= Given information =

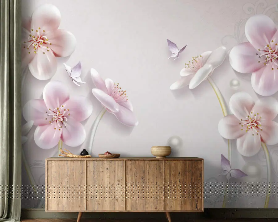 Verwandeln Sie Ihren Raum mit dieser bezaubernden Fototapete, die zarte Blumen und flatternde Schmetterlinge zeigt, in einen skurrilen Zufluchtsort. Stellen Sie sich vor, Sie betreten einen ruhigen Garten, in dem zarte Pastellblüten und verspielte Schmetterlinge durch den Raum tanzen. Diese Fototapete eignet sich perfekt für eine gemütliche Sitzecke oder ein lebhaftes Spielzimmer. Sie verleiht dem Raum einen sanften Hauch von Natur und lässt jeden Blick wie einen Hauch von frischer Luft erscheinen. Es ist, als hätte man das ganze Jahr über ein kleines Stückchen Frühling an der Wand. Erwarten Sie Komplimente von Ihren Freunden, die Sie vielleicht sogar fragen, ob Sie insgeheim ein Künstler geworden sind! Warten Sie nur, bis sie sehen, wie es Ihren Raum erhellt.
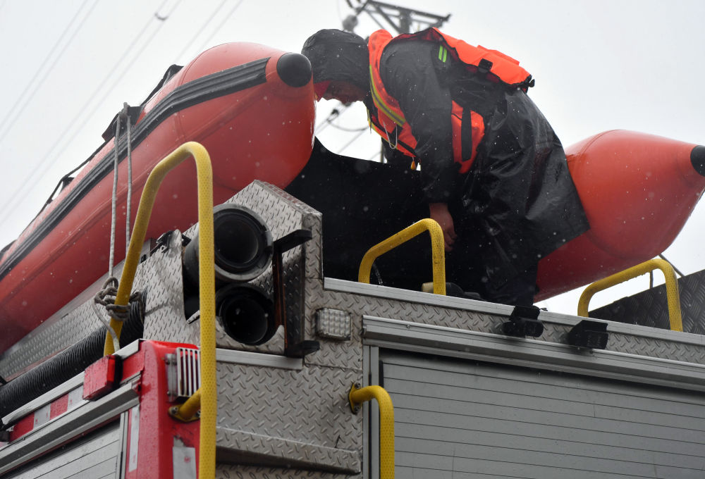 ↑7月20日,在焦作市修武县周庄镇万方路万方桥防汛现场,消防人员在为冲锋舟排水。
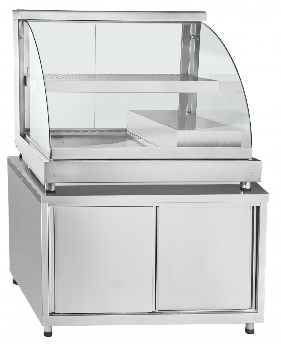 Конструкция полки, стоек и основания выполнена из нержавеющей стали AISI 304 толщиной 1 мм, что обеспечивает долговечность и надежность. Размеры полки составляют 1043х372х60 мм, а сквозная перфорация полки способствует равномерному распределению температуры внутри витрины. Боковые стенки и раздвижные дверцы изготовлены из закаленного стекла толщиной 5 мм, а со стороны покупателя используется гнутое закаленное стекло толщиной 6 мм.

= Exercise requirements =
Output all the material above exactly once more, leaving every picture out.

= Reply =
 Verwandeln Sie Ihren Raum mit dieser bezaubernden Fototapete, die zarte Blumen und flatternde Schmetterlinge zeigt, in einen skurrilen Zufluchtsort. Stellen Sie sich vor, Sie betreten einen ruhigen Garten, in dem zarte Pastellblüten und verspielte Schmetterlinge durch den Raum tanzen. Diese Fototapete eignet sich perfekt für eine gemütliche Sitzecke oder ein lebhaftes Spielzimmer. Sie verleiht dem Raum einen sanften Hauch von Natur und lässt jeden Blick wie einen Hauch von frischer Luft erscheinen. Es ist, als hätte man das ganze Jahr über ein kleines Stückchen Frühling an der Wand. Erwarten Sie Komplimente von Ihren Freunden, die Sie vielleicht sogar fragen, ob Sie insgeheim ein Künstler geworden sind! Warten Sie nur, bis sie sehen, wie es Ihren Raum erhellt.
 ↑7月20日,在焦作市修武县周庄镇万方路万方桥防汛现场,消防人员在为冲锋舟排水。
 Конструкция полки, стоек и основания выполнена из нержавеющей стали AISI 304 толщиной 1 мм, что обеспечивает долговечность и надежность. Размеры полки составляют 1043х372х60 мм, а сквозная перфорация полки способствует равномерному распределению температуры внутри витрины. Боковые стенки и раздвижные дверцы изготовлены из закаленного стекла толщиной 5 мм, а со стороны покупателя используется гнутое закаленное стекло толщиной 6 мм.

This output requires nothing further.